NRC to Revisit 1991 Study of Cancer around Reactors
Monday, May 3rd, 2010The Nuclear Regulatory Commission’s decision to revisit the issue of cancer incidence around nuclear reactors has drawn approval from anti-nuclear activists.
The 1991 study, conducted by the National Cancer Institute, the U.S. Department of Health and Human Services, the Public Health Service and the National Institute of Health originally found “no evidence to suggest that cancer mortality in counties with nuclear facilities was higher than, or was increasing in time faster than, the mortality experience of similar counties in the United States.”
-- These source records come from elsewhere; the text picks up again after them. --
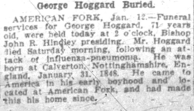 - George Hoggard died on 11 January 1919 in American Fork, Utah, at age 70.1
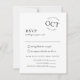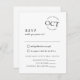 Este cartão de resposta de convite de casamento preto e branco moderno coloca as informações de resposta dos convidados e a escolha da refeição de recepção em uma tipografia de linha limpa e grande e um detalhe único com o R.S.V.P. antes da data em um layout de estilo de selo chique. Parte do conjunto de convites Modern Date Seal.
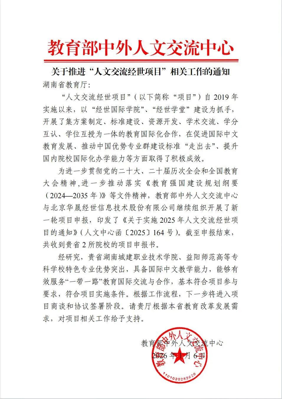 “人文交流经世项目”由教育部中外人文交流中心联合北京华晟经世信息技术有限公司共同实施,立足中国产业优势,融合数字技术,将产业创新快速转化为教育产品与教学资源,助力国内职业院校和应用技术型大学增强学科建设、课程开发、人才培养与国际合作能力。项目采用“校-校-企-企”模式,联动“走出去”的中资头部企业与中外院校,在共建“一带一路”国家共同开展境外办学、专业标准制定、教育技术升级与师生交流等合作,以数字化、国际化为牵引,促进高水平教育对外开放与人文交流。
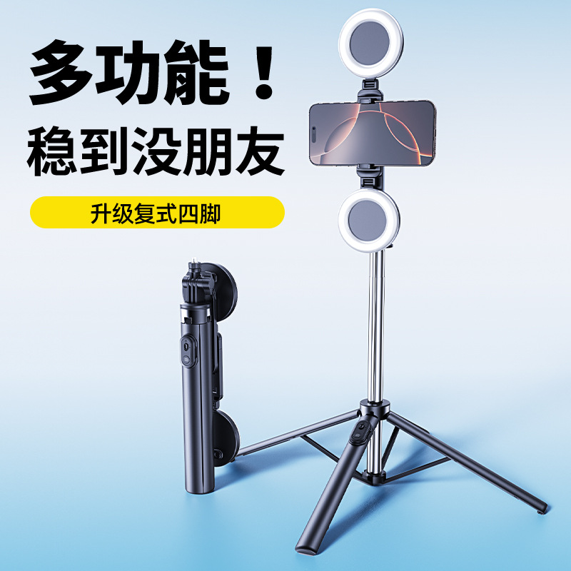 새로운 R9 다기능 셀카 스틱 스테인레스 스틸 라이브 방송 바닥 스탠드 4 다리 삼각대 텔레스코픽 휴대용 사진 촬영 스탠드
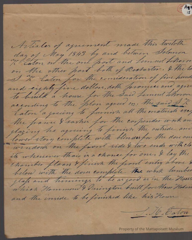 Articles of agreement between Solomon K. Eaton and Lemuel LeBaron to build a house for Lemuel LeBaron.Collection

The three-volume study measured all cancer deaths between 1950 and 1984 in 107 counties with nuclear installations. Critics have long argued that the study should have looked at cancer incidence instead of cancer deaths. States did not keep careful records of cancer incidence at the time. The new study will also try to pinpoint areas smaller than the country level.
Dr. Steven Wing, of the University of North Carolina, who claims to have found elevated incidence of childhood cancers after the Three Mile Island accident, was particularly enthusiastic about the new initiative. Wing claims that a number of other studies of populations around nuclear plants have also found elevated cancer rates.
Wing claimed to discover that lung cancer and leukemia rates were two to ten times higher downwind form Three Mile Island than upwind in the years following the accident. One of the weaknesses of the study is that it has never been determined exactly which way the wind was blowing at the time.